Player of the Week: Kemba Walker, junior guard
Walker was supposed to be too tired from five games in five days in the Big East Championship tournament to be successful in the NCAA Tournament, but everyone thought wrong. Walker entered the NCAA Tournament the way he left New York: unconscious.
Walker scored 18 points and added 12 assists in Connecticut’s 81-52 first-round victory over Bucknell and 33 points in Connecticut’s 69-58 victory over Cincinnati Saturday.
Game of the Week: Connecticut vs. San Diego State
San Diego State entered the NCAA Tournament with zero wins in the tournament to its program’s name, while Connecticut was the hottest team in the country entering the bracket.
This matchup features two possible NBA draft lottery selections: San Diego State sophomore forward Kawhi Leonard and Connecticut junior guard Kemba Walker. Leonard is a double-double machine on the season, averaging 15.6 points and 10.6 rebounds per game.
Big East Bows Out Early
The Big East started the NCAA Tournament with 11 teams, which was the most ever from one conference.
But now, only two remain after the first weekend of play wrapped up with No. 10 seed Florida State’s 71-57 defeat of No. 2 seed Notre Dame.
Of the 11 Big East teams in the tournament, only one was a double-digit seed: No. 11 seed Marquette. Ironically, it is one of the two teams left.
The other is No. 3 seed Connecticut, which will play the No. 2 seed San Diego State Aztecs in the Sweet 16.
The Big East was the best conference throughout the entire college basketball season.
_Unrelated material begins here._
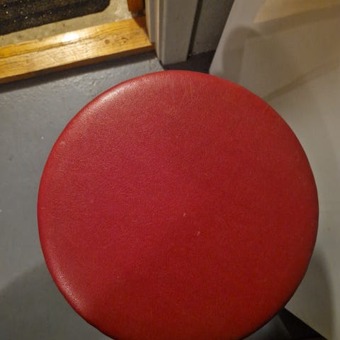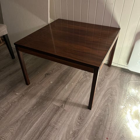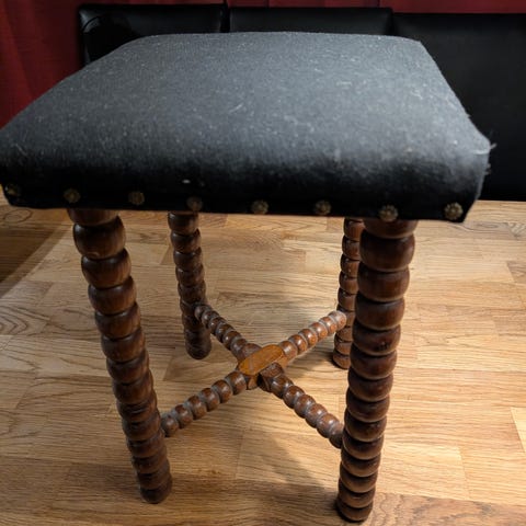 Fint krakk i mørke farget, trolig palisanderfiner på toppen og pigmentert beina i heltre, men trolig ikke palisander. Krakken har en skade på et sida som jeg prøvde å vise på bilder

Ten teams found themselves in the top 25 at some point in the 2010-‘11 season. No other conference had that many teams who were in the top 25 this season.
Yet when the Sweet 16 begins on Thursday, it will be the ACC that will enter play with the most teams left of any conference with three: Duke, North Carolina and Florida State. For nine of the 19 weeks of polling, Duke was the only ACC team in either top 25 poll, North Carolina and Virginia Tech were the only two other ACC schools who made appearances in either poll.
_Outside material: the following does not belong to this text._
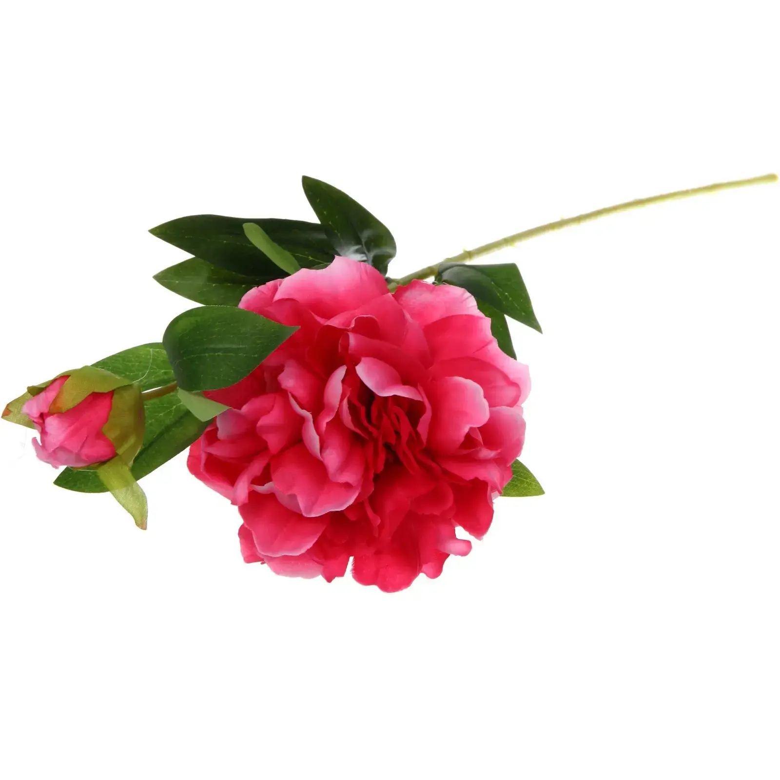 Цветок выполнен из высококачественного пластика и полиэстера, что обеспечивает его долговечность и устойчивость к внешним воздействиям. Ярко-розовые лепестки пиона имеют градиентный оттенок, что придаёт им реалистичность. Стебель цветка зелёного цвета, с несколькими зелеными листьями, добавляет естественности. Размеры цветка делают его заметным элементом декора, который не останется незамеченным.

It’s not all the Big East’s fault it only has two teams in the Sweet 16. Only nine of the 11 teams could have made the Sweet 16 because of the bracket layout.
Connecticut played Cincinnati and Marquette played Syracuse in the round of 32. The Big East was the only conference through the first three rounds that had two of its teams square off in an NCAA Tournament game.
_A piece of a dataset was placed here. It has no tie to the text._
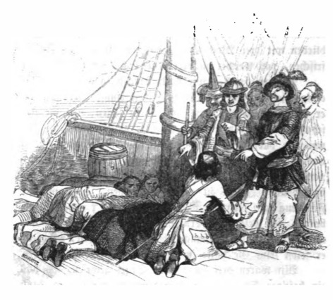 [Gulliver begs the captain of a Dutch pirate ship for mercy]

The Big East also enjoyed other firsts of the 2011 NCAA Tournament that it would have liked to avoid: Pittsburgh was the first No. 1 seed to lose when it fell to No. 8 seed Butler 71-70, Notre Dame was the first No. 2 seed to lose and Syracuse was the first No. 3 seed to lose.
After so much hype about the Big East throughout the season for it to only have two teams in the Sweet 16 has left many scratching their heads as to whether the conference deserved as many invites as it got. Marquette coach Buzz Williams isn’t one of those people.
“I think the resumé of those 11 institutions speak for themselves over the course of Christmas to spring break,” Williams said.